| Record set |
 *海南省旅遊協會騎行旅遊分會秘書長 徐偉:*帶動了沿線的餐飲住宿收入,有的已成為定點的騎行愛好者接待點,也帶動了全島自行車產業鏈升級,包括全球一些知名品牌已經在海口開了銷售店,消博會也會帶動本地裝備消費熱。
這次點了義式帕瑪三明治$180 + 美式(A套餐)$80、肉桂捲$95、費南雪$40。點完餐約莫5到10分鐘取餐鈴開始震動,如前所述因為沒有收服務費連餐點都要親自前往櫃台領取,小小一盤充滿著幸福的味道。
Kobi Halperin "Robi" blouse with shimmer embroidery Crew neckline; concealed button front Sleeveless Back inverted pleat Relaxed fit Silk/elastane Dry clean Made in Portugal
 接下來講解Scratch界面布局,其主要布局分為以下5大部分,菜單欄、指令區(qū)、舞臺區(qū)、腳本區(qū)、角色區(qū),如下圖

--

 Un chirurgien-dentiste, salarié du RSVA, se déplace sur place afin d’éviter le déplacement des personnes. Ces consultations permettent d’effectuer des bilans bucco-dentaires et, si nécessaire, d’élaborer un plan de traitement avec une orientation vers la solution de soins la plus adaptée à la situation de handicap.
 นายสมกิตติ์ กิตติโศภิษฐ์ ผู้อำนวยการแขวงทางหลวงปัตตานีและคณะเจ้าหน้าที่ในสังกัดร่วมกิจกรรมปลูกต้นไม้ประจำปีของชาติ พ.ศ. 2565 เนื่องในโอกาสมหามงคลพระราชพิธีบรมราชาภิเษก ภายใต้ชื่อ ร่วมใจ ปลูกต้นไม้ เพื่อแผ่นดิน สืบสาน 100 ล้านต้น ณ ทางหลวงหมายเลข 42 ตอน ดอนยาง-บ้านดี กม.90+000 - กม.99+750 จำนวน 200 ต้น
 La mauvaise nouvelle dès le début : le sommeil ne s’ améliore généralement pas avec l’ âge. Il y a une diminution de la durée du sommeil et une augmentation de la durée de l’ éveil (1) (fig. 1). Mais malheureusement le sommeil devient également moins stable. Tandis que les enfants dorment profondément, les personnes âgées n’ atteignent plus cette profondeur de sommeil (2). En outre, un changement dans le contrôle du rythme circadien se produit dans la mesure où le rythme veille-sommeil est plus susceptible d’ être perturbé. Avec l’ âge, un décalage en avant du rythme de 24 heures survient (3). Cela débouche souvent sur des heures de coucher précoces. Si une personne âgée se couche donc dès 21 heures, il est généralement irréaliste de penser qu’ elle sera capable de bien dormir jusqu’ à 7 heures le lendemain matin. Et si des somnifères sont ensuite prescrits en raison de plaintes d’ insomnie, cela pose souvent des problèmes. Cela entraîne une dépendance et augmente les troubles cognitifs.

| Work task |
Establish how many lines of the material above hold the word "avec". Nothing but the count should be returned.

| Written response |
2